### [EXERCISE DATA]
- Opening Delimiter -

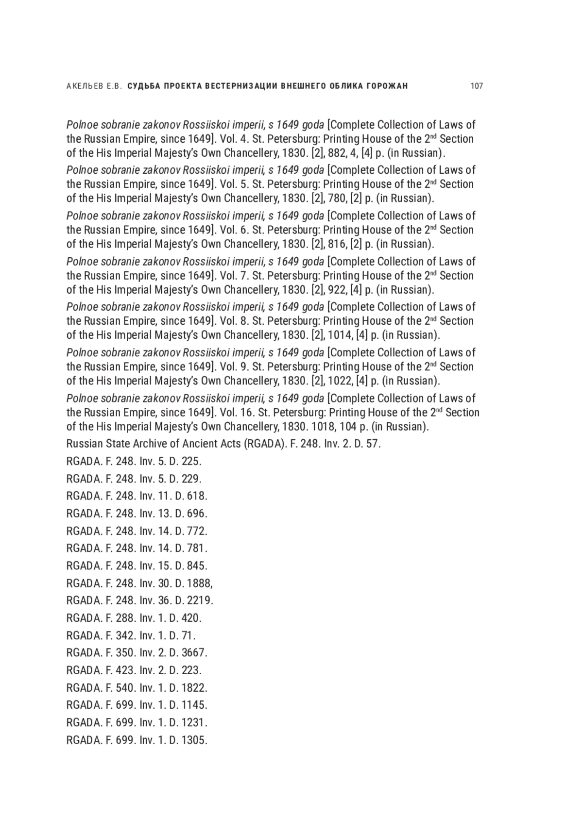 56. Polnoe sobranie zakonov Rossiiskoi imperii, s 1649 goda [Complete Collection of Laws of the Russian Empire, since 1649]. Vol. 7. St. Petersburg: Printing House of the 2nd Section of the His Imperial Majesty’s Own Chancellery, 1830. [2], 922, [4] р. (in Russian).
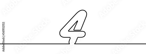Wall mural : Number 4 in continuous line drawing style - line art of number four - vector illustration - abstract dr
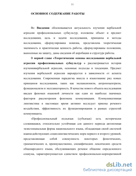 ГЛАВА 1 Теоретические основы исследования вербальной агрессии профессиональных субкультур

- Closing Delimiter -

### [ABOUT THIS TASK]
Exactly the lines from the one containing "Wall mural : Number" through the end of the data above: repeat those, both ends included, and nothing else. Skip the pictures.

### [TASK SOLUTION]
Wall mural : Number 4 in continuous line drawing style - line art of number four - vector illustration - abstract dr
 ГЛАВА 1 Теоретические основы исследования вербальной агрессии профессиональных субкультур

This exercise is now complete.